Ancak Avrupa'da para politikası konusunda ciddi görüş ayrılıkları var ve kavgalar daha kriz bitmeden başladı bile! Geçtiğimiz haftalarda Avrupa Parlamentosu Mayıs 2010 tarihindeki ve Troika denen IMF, Avrupa Merkez Bankası ve Avrupa Komisyonu üçlüsü tarafından yapılan ilk Yunanistan kurtarma operasyonunu (ve daha sonraki İrlanda, Portekiz ve Kıbrıs kurtarma operasyonlarını) incelemeye alarak Troika'nın ekonomik operasyonlarının Avrupa Birliği Anlaşmalarına uygun olup olmadığı konusu için bir araştırma başlattı. Troika'nın ortadan kaldırılması talep edilmekte. Üstelik hem solcular şikayetçi hem de sağcılar! Tabii nedenleri farklı! Sol görüşlüler Troika'nın politikalarının insan haklarına saygısı yoktu derken, sağcılar da bizim paralarımız çar çur ediliyor fatura bize çıkacak teziyle şikayetçiler.
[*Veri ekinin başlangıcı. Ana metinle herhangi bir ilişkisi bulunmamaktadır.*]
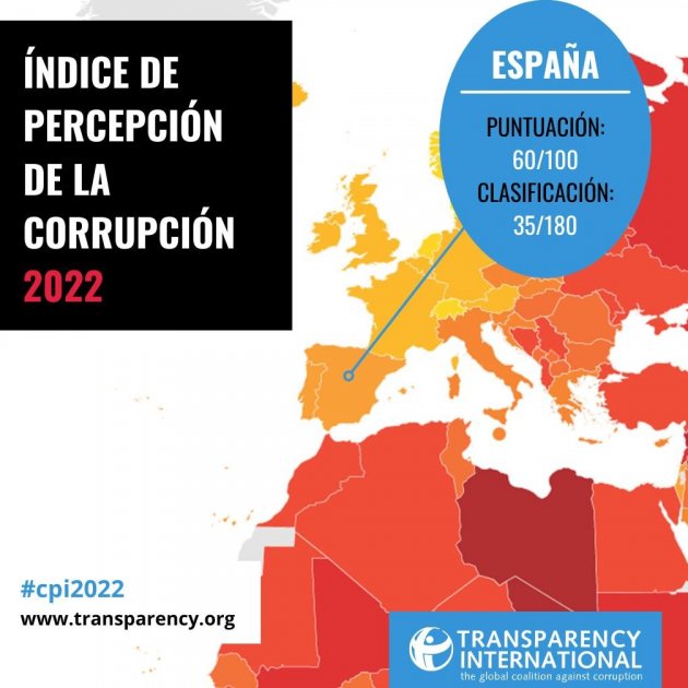 L'Índex de Percepció de la Corrupció (IPC) 2022, publicat per Transparency International, revela escassos avenços contra la corrupció en un món cada vegada més violent i conclou que Espanya s'estanca en la prevenció i lluita contra aquesta xacra. L'esmentat IPC classifica 180 països i territoris segons els seus nivells percebuts de corrupció al sector públic, mesurat a través de dades obtingudes de 13 fonts expertes externes, en una escala de zero (molt corrupte) a 100 (molt transparent).

Bu arada bir de IMF yerine E.M.F yani bir Avrupa Para Fonu yaratma girişimi var, böylece bugüne kadar Avrupa Parlamentosu'nun kontrol edemediği Troika, Parlamento'nun kontrolü altına alınmış ve IMF dışlanmış olacak!
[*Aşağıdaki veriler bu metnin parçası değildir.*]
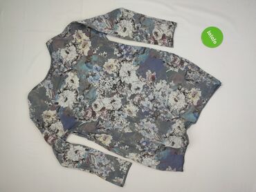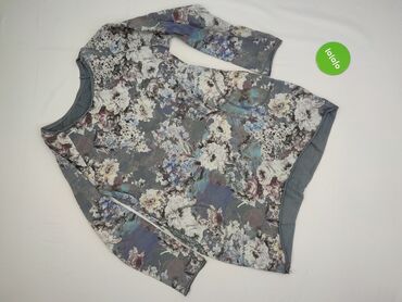 Bluzka damska z długim rękawem, rozmiar XXXL - Kolor: melanżowa szarość z granatowo-niebieskim ombre ku dołowi. - Wzór: roślinny/kwietny nadruk z czarnymi pnączami i niebieskimi kwiatami; dekoracy...

Almanların sinirleri bozuldu
Bu arada Almanya'da da son dönemde tuhaf bir gelişme yaşanmıştı. 2 yıl evvel Avrupa Merkez Bankası Başkanı Draghi sorunları çözmek için ne gerekirse yapacağını açıklayarak OMT adı verilen (outright monetary transactions) ve gerekirse sorunlu ülkelerin kamu kağıtlarını eğer Avrupa Kurtarma Fonu'nun teknik şartlarına uyarlarsa satın alabileceğini vaat eden bir politikayı gündeme getirmişti. O günden beri Almanların sinirleri bozulmuş bulunuyor ve borçları bize ödetecekler kokusuyla geceleri uyuyamıyorlar. Draghi'nin başka ülkelerin kamu kağıtlarını alma vaadinin Avrupa kanunlarına göre mümkün olmadığı tezini savunan 35 binden fazla Alman vatandaşı dilekçe vererek Alman Anayasa Mahkemesi'nde Avrupa Merkez Bankası'nın böyle bir işlem için hukuken yetkisi olmadığı gerekçesiyle engellenmesi için dava açmış bulunuyordu. Ancak bu hafta bir yılı aşan bir süre konuyu inceleyen Alman Anayasa Mahkemesi konunun kendisinin karar vereceği bir işlem olmadığını belirterek konuyu Avrupa Adalet Mahkemesi'ne havale etti.
İlginçtir ki Avrupa Merkez Bankası'nın 2 yıl evvelki açıklamaları Avrupa'yı büyük bir sorundan kurtarmıştı, moralleri düzeltmiş, piyasaları rahatlatmıştı ve Avrupa Merkez Bankası da kimsenin tek bir kamu borç senedini bile almamıştı. Ama birçok sorunlu euro bölgesi ülkesinin kamu borçlanma faizleri Draghi'nin bu adımından sonra büyük ölçüde düşmüştü. Karlsruhe'deki Alman mahkemesi Draghi'nin politikasının kamu borçlarının para yaratılarak ortadan kaldırılması anlamına geldiğini, bunun Avrupa Anlaşması'nın 123'üncü maddesine aykırı olduğunu düşündüğünü, Bundesbank adlı Alman Merkez Bankası'nın da benzer görüşte olduğunu söyledikten sonra gene de konunun ancak Avrupa Adalet Mahkemesi'nde verilen bir kararla ortadan kaldırılabileceğine karar vermişti. Şimdi konu Almanya'dan Avrupa Hukuk sistemine pas edildi.
ABD'de para birliği var
Bu arada da karar çıkmadığına göre Avrupa Merkez Bankası gerekirse istediğini yapabilecek. Ama konunun önemi başka. Avrupa'da hâlâ tek tek “millet devlet” yaklaşımı var, siyasi birlik niyeti yok. Diğer taraftan da bir merkezi Federal Hükümet kurmak için destek de yok. Bu iki durum değişmezse euronun istikbali de olamaz! ABD de bir tek para birliği (currency ) ama Federal Hükümet var olduğu ve eyaletler kendilerini ayrı millet olarak görmedikleri için krizden en kolay çıkan ülke olma yolundalar.